● DATASET SECTION
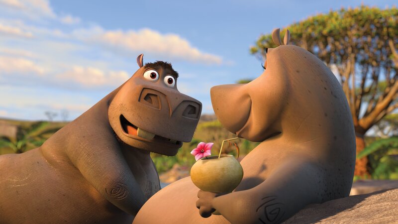 Nilpferd Gloria (l.) und Giraffe Melman (r.), wollen mit ihren Freunden Alex und Marty Madagascar verlassen und wieder nach New York in ihren Zoo zurückkehren. Dafür reparieren sie an abgestürztes Flugzeug. Doch es kommt ganz anders als geplant ...Bild: © DREAMWORKS ANIMATION LLC.
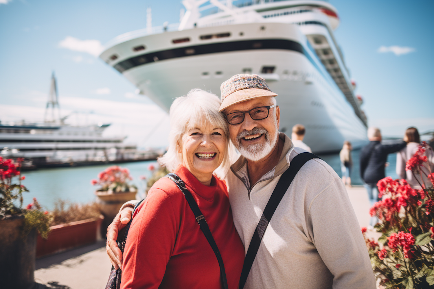 Elderly couple smiling in front of a cruise ship, enjoying a sunny day at the dock with vibrant red flowers around.
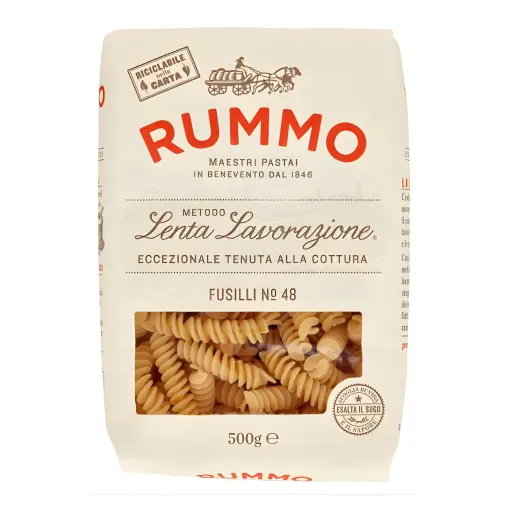 Fusilli Rummo n°48 di semola di grano duro, formato corto e avvolgente con eccezionale tenuta alla cottura.

● WHAT IS EXPECTED
Without including any picture, reproduce the material above word for word.

● ANSWER SECTION
 Nilpferd Gloria (l.) und Giraffe Melman (r.), wollen mit ihren Freunden Alex und Marty Madagascar verlassen und wieder nach New York in ihren Zoo zurückkehren. Dafür reparieren sie an abgestürztes Flugzeug. Doch es kommt ganz anders als geplant ...Bild: © DREAMWORKS ANIMATION LLC.
 Elderly couple smiling in front of a cruise ship, enjoying a sunny day at the dock with vibrant red flowers around.
 Fusilli Rummo n°48 di semola di grano duro, formato corto e avvolgente con eccezionale tenuta alla cottura.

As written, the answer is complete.